> What you are asked to do
From the line that contains "Handmade Xmas Gift" through the line that contains "Machine-learning methods NN, DRF, XRT, GBM", output every line of the listing below exactly and leave out all the rest.

> Raw data

▬▬▬▬▬▬

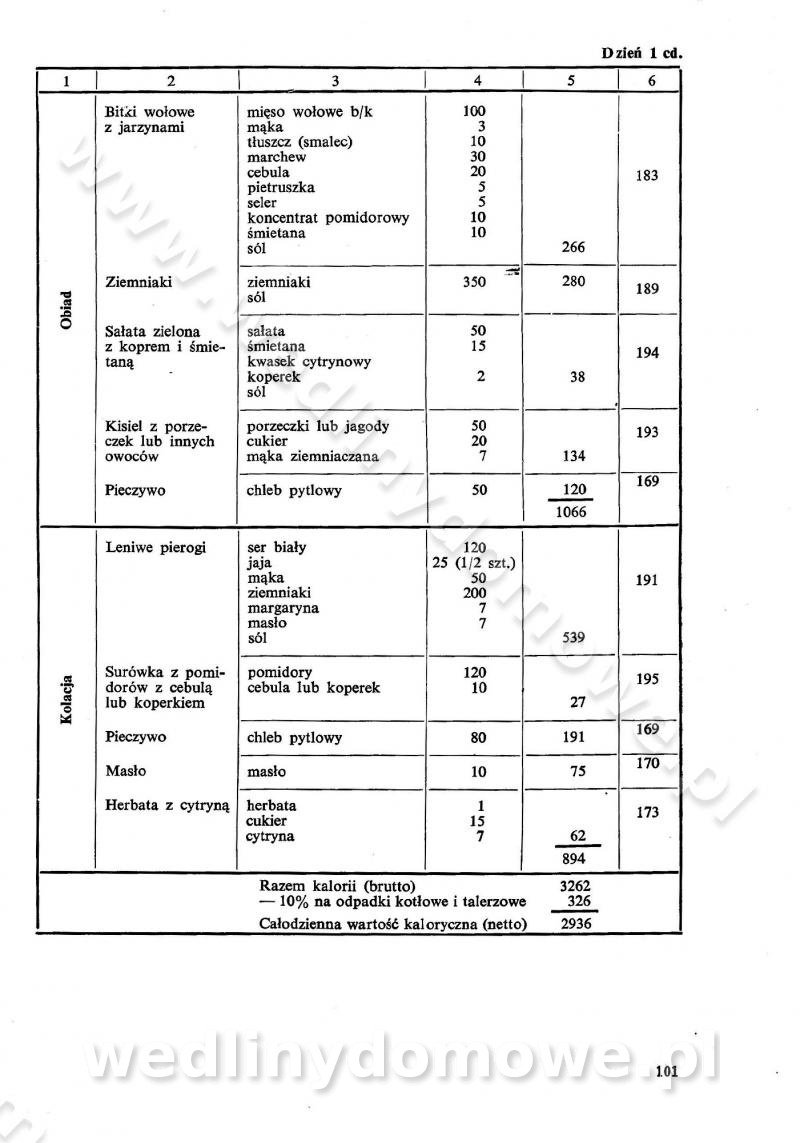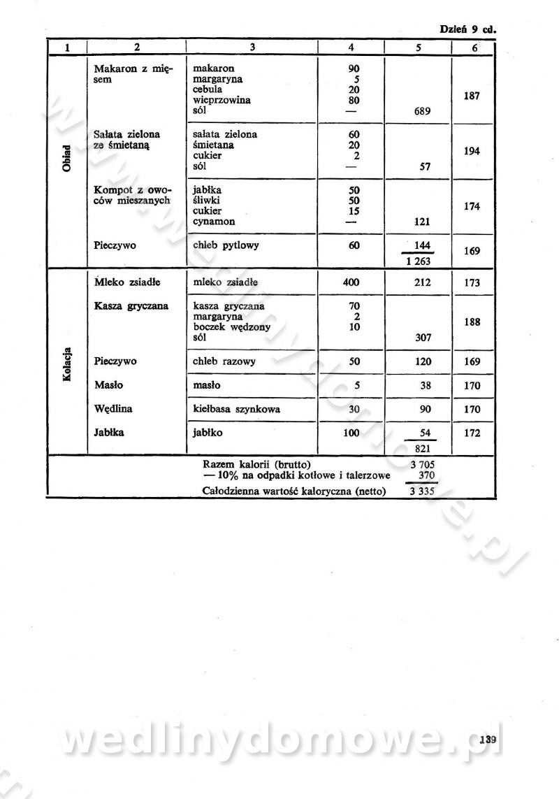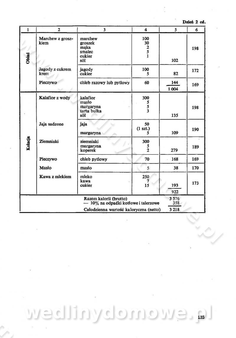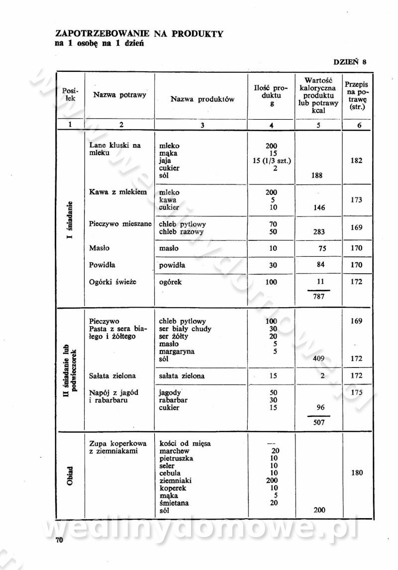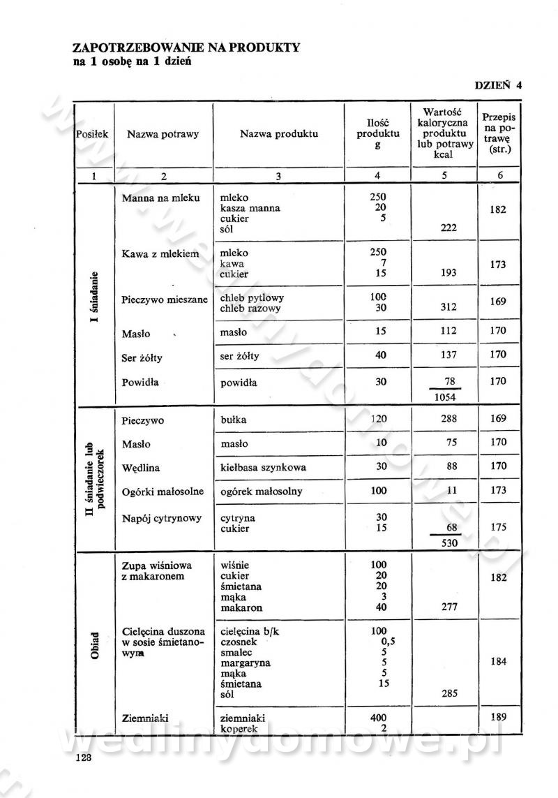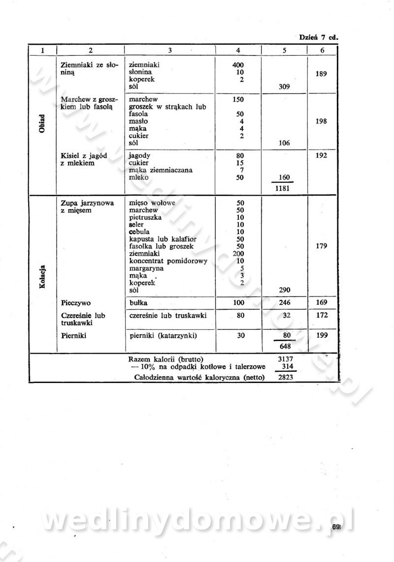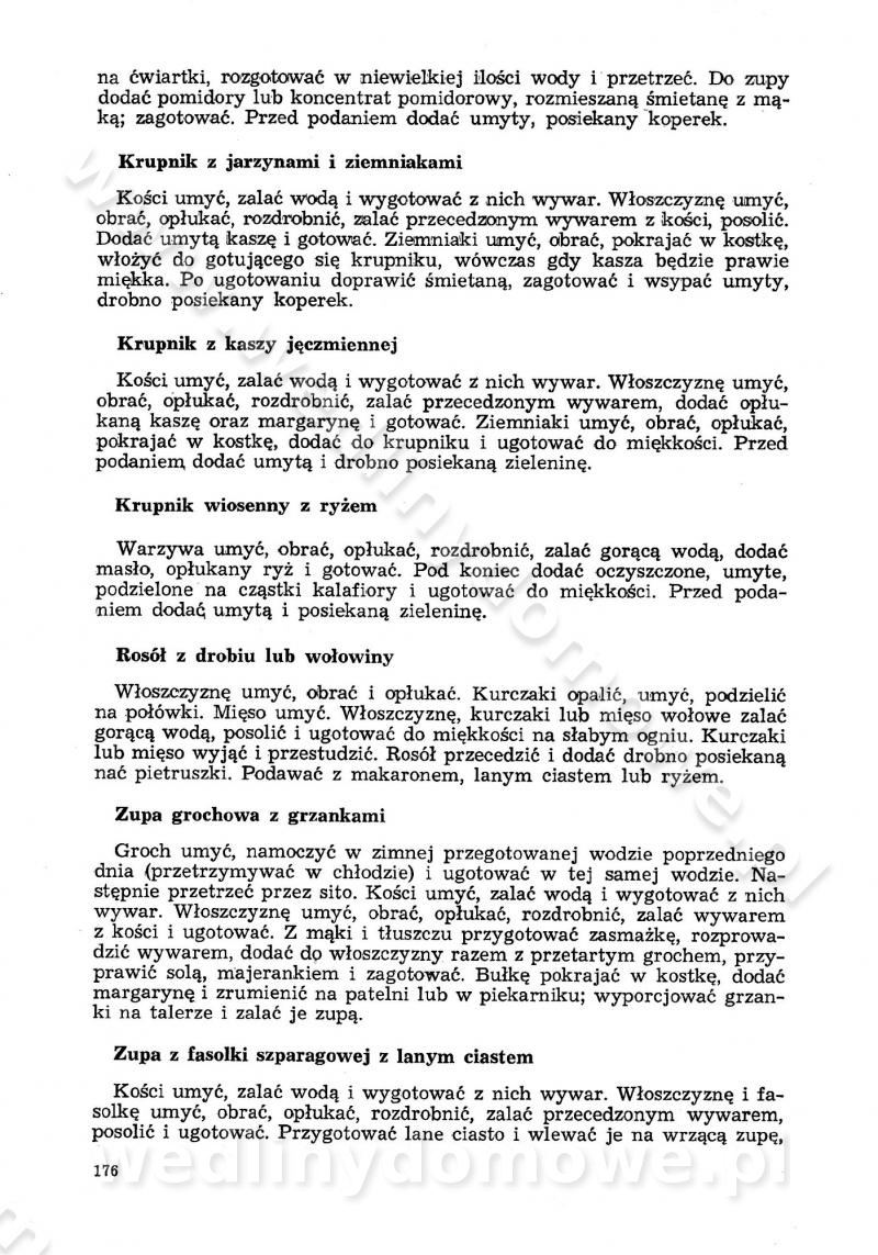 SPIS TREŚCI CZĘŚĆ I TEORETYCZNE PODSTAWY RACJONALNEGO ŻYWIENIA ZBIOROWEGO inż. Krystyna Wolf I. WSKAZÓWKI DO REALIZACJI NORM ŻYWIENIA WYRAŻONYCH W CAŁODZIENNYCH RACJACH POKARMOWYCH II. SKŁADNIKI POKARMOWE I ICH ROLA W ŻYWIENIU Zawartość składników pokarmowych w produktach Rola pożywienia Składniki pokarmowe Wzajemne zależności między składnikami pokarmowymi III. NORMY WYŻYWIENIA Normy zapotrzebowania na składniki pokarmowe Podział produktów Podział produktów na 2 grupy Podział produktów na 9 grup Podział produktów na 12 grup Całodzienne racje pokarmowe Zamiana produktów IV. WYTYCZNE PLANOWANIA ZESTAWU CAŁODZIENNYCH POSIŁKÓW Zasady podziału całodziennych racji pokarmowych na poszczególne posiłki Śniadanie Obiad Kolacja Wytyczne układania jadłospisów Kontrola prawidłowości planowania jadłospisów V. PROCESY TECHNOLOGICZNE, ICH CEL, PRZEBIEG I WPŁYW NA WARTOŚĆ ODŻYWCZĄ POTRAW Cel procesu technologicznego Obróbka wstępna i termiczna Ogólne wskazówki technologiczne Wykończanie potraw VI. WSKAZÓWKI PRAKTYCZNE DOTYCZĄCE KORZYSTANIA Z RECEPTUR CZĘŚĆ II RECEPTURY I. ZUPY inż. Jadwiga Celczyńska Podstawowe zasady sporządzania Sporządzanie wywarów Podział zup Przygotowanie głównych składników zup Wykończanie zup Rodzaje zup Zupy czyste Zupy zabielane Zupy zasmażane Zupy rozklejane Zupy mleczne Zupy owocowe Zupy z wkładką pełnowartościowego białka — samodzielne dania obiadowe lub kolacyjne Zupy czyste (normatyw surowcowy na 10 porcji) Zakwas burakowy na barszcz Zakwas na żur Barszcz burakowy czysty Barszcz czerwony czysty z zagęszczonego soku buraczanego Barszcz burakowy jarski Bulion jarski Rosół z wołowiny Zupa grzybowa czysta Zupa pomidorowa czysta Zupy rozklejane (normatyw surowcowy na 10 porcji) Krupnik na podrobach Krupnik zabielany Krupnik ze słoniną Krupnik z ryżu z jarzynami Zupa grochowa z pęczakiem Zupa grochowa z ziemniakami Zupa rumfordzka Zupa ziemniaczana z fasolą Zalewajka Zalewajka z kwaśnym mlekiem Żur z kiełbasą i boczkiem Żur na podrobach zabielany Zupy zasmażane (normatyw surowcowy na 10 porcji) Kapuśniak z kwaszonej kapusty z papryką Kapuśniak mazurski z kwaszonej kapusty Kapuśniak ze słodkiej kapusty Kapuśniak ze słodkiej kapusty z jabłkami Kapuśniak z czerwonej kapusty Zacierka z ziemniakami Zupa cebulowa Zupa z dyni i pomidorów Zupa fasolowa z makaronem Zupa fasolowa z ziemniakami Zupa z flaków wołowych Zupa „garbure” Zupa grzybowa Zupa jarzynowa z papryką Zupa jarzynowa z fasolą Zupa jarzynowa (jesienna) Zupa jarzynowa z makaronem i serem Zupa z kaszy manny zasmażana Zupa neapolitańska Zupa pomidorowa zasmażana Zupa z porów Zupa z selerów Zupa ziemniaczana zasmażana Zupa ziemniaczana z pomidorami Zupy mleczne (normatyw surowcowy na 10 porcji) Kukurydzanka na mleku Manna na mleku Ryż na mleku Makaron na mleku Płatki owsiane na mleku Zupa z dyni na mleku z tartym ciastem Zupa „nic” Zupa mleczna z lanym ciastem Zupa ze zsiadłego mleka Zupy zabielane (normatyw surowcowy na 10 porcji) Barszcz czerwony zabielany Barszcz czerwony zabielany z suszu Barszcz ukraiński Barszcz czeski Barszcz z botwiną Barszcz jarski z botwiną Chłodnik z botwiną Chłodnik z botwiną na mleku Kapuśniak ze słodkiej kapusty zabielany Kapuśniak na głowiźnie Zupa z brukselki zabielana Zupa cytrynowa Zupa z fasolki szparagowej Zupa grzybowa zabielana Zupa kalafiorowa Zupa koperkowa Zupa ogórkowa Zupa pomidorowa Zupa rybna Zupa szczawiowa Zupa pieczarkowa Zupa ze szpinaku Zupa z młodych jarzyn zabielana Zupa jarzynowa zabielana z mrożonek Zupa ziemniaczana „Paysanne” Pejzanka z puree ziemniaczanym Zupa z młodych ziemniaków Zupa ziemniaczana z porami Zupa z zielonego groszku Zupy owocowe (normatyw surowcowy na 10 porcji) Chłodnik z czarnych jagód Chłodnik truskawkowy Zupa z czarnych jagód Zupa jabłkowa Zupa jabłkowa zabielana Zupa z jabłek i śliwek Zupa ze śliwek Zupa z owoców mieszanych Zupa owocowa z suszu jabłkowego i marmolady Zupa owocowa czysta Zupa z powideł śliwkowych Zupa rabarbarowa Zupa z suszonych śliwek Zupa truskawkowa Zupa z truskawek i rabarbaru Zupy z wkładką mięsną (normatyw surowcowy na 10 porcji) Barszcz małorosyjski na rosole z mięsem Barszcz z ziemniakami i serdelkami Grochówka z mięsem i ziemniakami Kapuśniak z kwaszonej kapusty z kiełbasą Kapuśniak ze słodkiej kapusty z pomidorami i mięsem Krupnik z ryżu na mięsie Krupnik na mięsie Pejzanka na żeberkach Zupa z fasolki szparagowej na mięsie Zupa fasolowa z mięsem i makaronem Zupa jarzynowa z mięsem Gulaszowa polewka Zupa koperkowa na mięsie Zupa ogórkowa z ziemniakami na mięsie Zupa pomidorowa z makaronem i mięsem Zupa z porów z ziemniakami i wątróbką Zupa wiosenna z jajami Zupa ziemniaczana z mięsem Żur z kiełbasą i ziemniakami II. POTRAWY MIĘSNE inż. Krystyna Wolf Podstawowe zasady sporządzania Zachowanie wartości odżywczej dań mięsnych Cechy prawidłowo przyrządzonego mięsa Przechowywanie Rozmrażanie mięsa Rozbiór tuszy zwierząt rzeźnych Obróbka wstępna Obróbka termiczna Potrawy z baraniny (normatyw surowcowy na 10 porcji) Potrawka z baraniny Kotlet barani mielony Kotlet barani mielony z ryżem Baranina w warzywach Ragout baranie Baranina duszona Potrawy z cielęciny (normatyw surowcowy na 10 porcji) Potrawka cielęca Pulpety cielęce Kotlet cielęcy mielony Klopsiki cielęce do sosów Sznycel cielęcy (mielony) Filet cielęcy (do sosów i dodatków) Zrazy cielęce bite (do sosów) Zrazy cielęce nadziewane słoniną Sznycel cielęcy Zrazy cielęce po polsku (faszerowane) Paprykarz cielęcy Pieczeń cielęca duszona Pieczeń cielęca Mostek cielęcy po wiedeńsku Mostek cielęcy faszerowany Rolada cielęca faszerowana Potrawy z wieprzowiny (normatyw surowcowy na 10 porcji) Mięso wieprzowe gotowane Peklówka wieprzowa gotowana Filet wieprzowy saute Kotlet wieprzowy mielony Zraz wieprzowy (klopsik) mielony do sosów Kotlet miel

▬▬▬▬▬▬

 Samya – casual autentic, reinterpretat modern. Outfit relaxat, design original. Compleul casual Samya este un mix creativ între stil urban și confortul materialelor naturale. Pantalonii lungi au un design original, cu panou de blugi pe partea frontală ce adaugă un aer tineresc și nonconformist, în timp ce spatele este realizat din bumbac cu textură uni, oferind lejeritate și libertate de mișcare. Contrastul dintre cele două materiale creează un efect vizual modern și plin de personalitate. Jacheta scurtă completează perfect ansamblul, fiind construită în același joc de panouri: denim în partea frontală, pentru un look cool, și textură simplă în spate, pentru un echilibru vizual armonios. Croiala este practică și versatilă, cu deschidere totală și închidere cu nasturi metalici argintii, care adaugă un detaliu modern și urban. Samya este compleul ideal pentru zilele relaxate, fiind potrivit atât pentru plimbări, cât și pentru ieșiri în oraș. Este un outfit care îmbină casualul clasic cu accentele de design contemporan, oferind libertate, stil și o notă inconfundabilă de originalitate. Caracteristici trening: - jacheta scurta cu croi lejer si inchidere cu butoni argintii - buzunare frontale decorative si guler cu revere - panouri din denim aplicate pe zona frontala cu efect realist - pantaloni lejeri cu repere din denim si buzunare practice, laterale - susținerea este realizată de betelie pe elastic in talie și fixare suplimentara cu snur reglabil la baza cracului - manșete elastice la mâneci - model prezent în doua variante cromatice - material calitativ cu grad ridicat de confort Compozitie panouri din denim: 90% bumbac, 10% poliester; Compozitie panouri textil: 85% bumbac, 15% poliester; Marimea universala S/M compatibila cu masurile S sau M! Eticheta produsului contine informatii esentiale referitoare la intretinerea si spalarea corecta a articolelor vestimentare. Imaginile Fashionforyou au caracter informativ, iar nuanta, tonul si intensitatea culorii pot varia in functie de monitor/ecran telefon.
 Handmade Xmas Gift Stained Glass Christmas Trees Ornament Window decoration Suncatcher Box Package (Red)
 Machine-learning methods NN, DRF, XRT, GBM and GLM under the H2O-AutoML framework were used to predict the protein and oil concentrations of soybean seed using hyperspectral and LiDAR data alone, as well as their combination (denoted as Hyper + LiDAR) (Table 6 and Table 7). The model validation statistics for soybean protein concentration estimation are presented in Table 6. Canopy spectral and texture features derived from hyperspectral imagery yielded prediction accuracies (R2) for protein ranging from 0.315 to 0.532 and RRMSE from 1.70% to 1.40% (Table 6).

▬▬▬▬▬▬

> Exercise answer
 Handmade Xmas Gift Stained Glass Christmas Trees Ornament Window decoration Suncatcher Box Package (Red)
 Machine-learning methods NN, DRF, XRT, GBM and GLM under the H2O-AutoML framework were used to predict the protein and oil concentrations of soybean seed using hyperspectral and LiDAR data alone, as well as their combination (denoted as Hyper + LiDAR) (Table 6 and Table 7). The model validation statistics for soybean protein concentration estimation are presented in Table 6. Canopy spectral and texture features derived from hyperspectral imagery yielded prediction accuracies (R2) for protein ranging from 0.315 to 0.532 and RRMSE from 1.70% to 1.40% (Table 6).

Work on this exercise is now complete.